El núcleo del libro de Soto Ivars, y de todo el tinglado informativo que se ha montado a su vera, es el concepto de “poscensura”: “Un sistema represivo que no requiere leyes ni Estado censor, y que impone sus prohibiciones infundiendo el miedo a ser catalogados como traidores” (“De la posverdad a la poscensura: obsesionados con no ofender”, El Mundo, 30 de abril de 2017). En numerosos artículos y entrevistas ha glosado Soto Ivars ese concepto, alertando de una proliferación de “linchamientos digitales” que “amenaza con enmudecernos a todos”: “Ser criticado, atacado, insultado, boicoteado, condenado, multado, penado, despedido de tu empleo… Eso sucedía antes con la censura franquista, y ahora con la poscensura” (La Vanguardia, 11 de mayo de 2017). Aunque menudea con casos de “poscensura” de derechas o conservadora, es más generoso en ejemplos de intolerancia de izquierdas, esto es, “linchamientos” contra personas calificadas de machistas, racistas u homófobas por parte de “pajilleros de la indignación”.

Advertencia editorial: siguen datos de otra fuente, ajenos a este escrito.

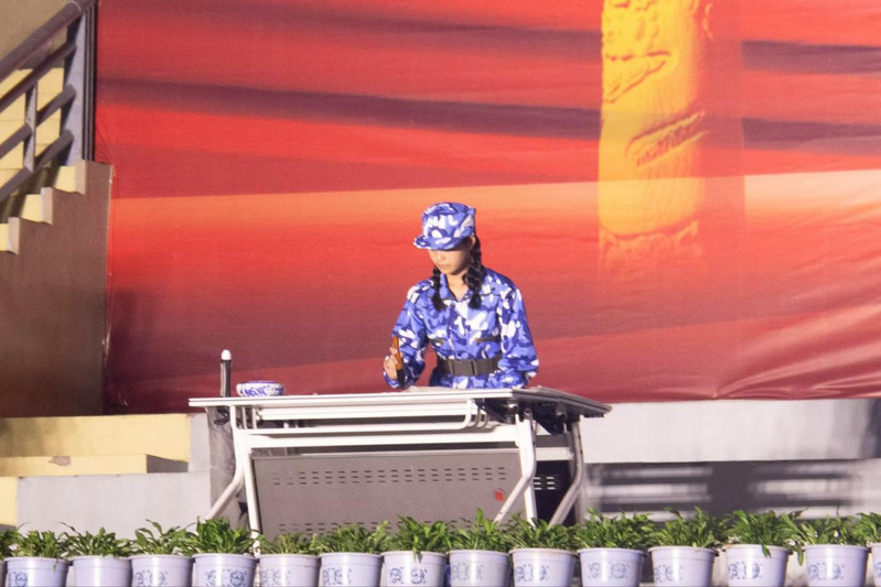 “在茫茫的人海里,我是哪一个;在奔腾的浪花里,我是哪一朵……”当《祖国不会忘记》的前奏响起,我院新生迅速切换状态,以饱满的情感投入演唱。为更好诠释歌曲内涵,同学们创新加入书法展示环节——一名同学现场挥毫泼墨,笔走龙蛇间写下“强国有我”遒劲大字,将专业特色与红色主题深度融合。歌声时而悠扬婉转,诉说对无名英雄的敬意;时而激昂高亢,传递新时代青年的担当,书法与歌声的碰撞将现场气氛推向高潮。

El extremo centro, con sus rituales para advenedizos y todo su catálogo de postonterías, ha dejado de ser un lugar ideológico para convertirse en una modalidad de autopromoción
El concepto de “poscensura” ha sido recibido con aplausos y alharacas por decenas de presuntas víctimas de “linchamientos digitales” que no han perdido un instante en salir disparados del armario a contarnos sus vidas. Esta es una de las virtudes de las tesis de Soto Ivars: su capacidad para concitar el autorreconocimiento de una parte muy importante de su público, precisamente esa parte en la que viven periodistas, críticos, columnistas y gente que es las tres cosas a la vez. Es difícil leer Vida y destino y exclamar: “¡Eso me pasó a mí!”, pero con Arden las redes es, visto lo visto, facilísimo. Quien no ha aprovechado la ocasión para contarnos su experiencia (“Como cualquier persona con un poco de proyección pública, he sido víctima de la poscensura”, confesaba un empático Sergio del Molino), ha aprovechado para imaginársela (“Yo mismo no estoy en las redes sociales pero no soy tan tonto como para ignorar que allí me daña una escoria que es más ‘norma’ que yo”, conjeturaba un ¿envidioso? Ignacio Vidal-Foch). Hasta yo podría apuntarme un tanto contándoles mi fugaz encontronazo con Barbijaputa. Todo sea por situarse del lado de las víctimas, mucho más vistoso y venturoso que el de los verdugos.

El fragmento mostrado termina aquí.